Il Ministro delle Imprese e del Made in Italy, Adolfo Urso, ha firmato il decreto “Sostegno per l’autoproduzione di energia da fonti rinnovabili nelle PMI”, che mira a incentivare l’autoproduzione di energia elettrica da impianti solari fotovoltaici o mini-eolici nelle piccole e medie imprese (PMI). Il decreto prevede contributi per i progetti di investimento di PMI, con un fondo di 320 milioni di euro stanziato nell’Investimento 16 della Missione 7 “REPowerEU” del PNRR.
I benefici previsti dal decreto sono riservati al 40% alle Regioni Abbuzzo, Basilicata, Calabria, Campania, Molise, Puglia, Sardegna e Sicilia, e un altro 40% alle micro e piccole imprese in generale.
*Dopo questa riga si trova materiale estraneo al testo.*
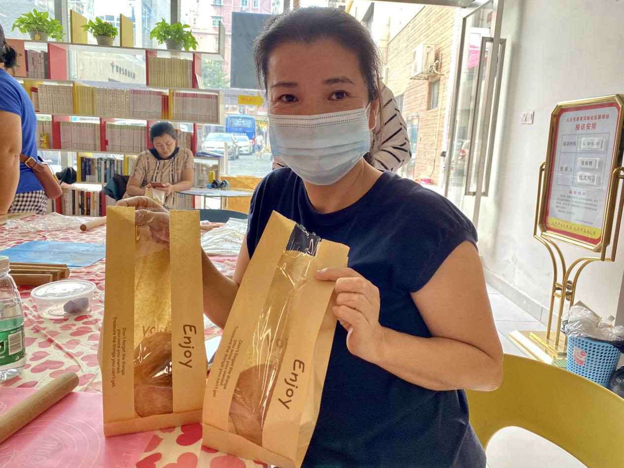 活动进行到第五场,来参加活动的居民们都非常熟悉了,一起结伴前往服务中心,整个制作过程也有说有笑,相互夸赞对方做的漂亮、好吃,无形中形成团结和谐的氛围,促进社区和谐发展。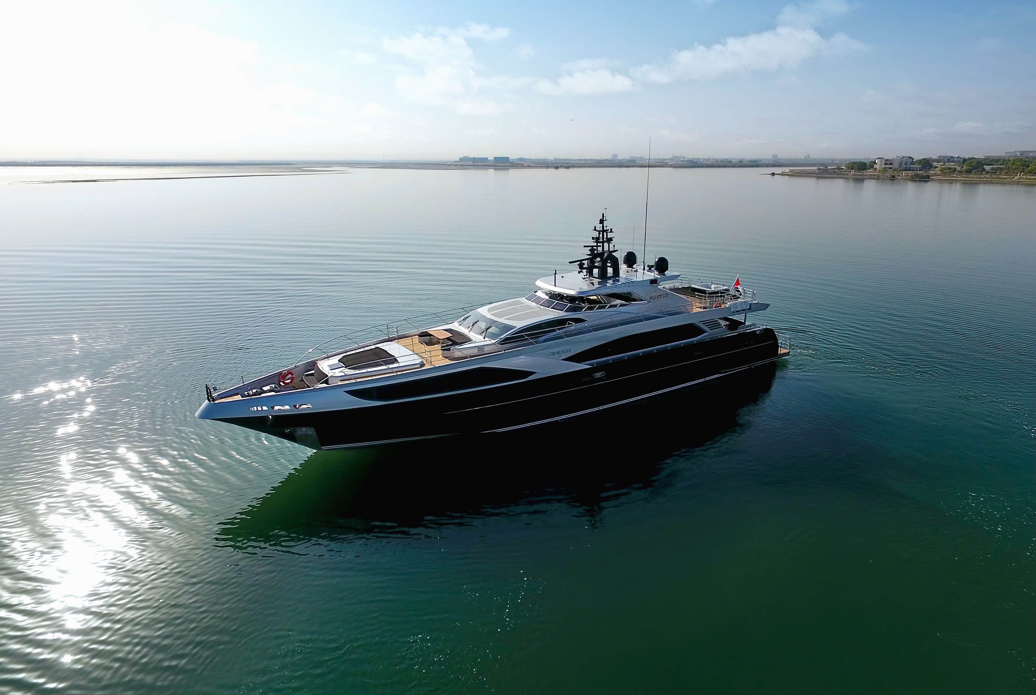 The yacht features both at anchor and underway stabilizers. Accommodation is in 5 cabins, each of which offer private ensuite facilities. On the main deck is the master cabin, forward and full beam of the yacht, with a center lined king size bed, walk in wardrobe, powder room and owners office upon entrance.

Il livello di contributo varia a seconda della dimensione dell’impresa e della natura dell’investimento, con una percentuale massima del 30% per le imprese di media dimensione, del 40% per le micro e piccole imprese, del 30% per lo stoccaggio di energia elettrica e del 50% per la diagnosi energetica di pianificazione degli interventi.
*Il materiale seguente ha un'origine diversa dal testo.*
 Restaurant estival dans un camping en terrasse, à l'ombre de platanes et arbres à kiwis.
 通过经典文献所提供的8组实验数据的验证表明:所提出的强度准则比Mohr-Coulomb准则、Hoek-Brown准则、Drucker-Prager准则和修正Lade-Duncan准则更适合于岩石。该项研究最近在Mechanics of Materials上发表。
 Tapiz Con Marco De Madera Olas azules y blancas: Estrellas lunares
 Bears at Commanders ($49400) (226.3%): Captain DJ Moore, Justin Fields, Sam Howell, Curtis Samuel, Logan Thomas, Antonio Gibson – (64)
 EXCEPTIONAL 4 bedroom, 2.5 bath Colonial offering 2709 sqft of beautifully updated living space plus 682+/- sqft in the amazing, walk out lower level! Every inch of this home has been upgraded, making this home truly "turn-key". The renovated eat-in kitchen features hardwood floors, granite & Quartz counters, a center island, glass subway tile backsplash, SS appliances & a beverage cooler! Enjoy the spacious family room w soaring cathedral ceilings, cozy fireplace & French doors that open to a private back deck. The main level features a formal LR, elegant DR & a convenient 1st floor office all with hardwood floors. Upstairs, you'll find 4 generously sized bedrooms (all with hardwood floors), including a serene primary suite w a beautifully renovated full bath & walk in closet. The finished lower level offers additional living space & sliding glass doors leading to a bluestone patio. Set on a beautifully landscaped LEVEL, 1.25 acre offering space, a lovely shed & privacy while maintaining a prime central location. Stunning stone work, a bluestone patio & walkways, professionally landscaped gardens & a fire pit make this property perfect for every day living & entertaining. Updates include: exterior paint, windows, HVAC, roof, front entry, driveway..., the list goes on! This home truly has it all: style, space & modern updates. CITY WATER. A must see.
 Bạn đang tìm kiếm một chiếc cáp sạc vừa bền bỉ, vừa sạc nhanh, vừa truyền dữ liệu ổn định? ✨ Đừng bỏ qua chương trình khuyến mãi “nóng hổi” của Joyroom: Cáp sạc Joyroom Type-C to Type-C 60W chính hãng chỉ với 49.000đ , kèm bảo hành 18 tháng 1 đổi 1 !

In caso di risorse non completamente utilizzate, queste saranno rese disponibili per le domande di contributo per le regioni e le imprese non ancora coperte. Le spese ammissibili per i contributi devono variare tra i 30mila e 1 milione di euro e riguardare una sola unità produttiva. Fra queste spese si include l’acquisto, l’installazione e la messa in esercizio di nuovi impianti solari fotovoltaici o mini eolici, il materiale strumentale, le tecnologie digitali e i sistemi di stoccaggio dell’energia prodotta.
Il Ministero delle Imprese e del Made in Italy, titolare dell’investimento PNRR, si affiderà ad Invitalia per la gestione dell’investimento. Le modalità e i termini per la presentazione delle domande di contributo verranno stabiliti con un ulteriore provvedimento direttoriale.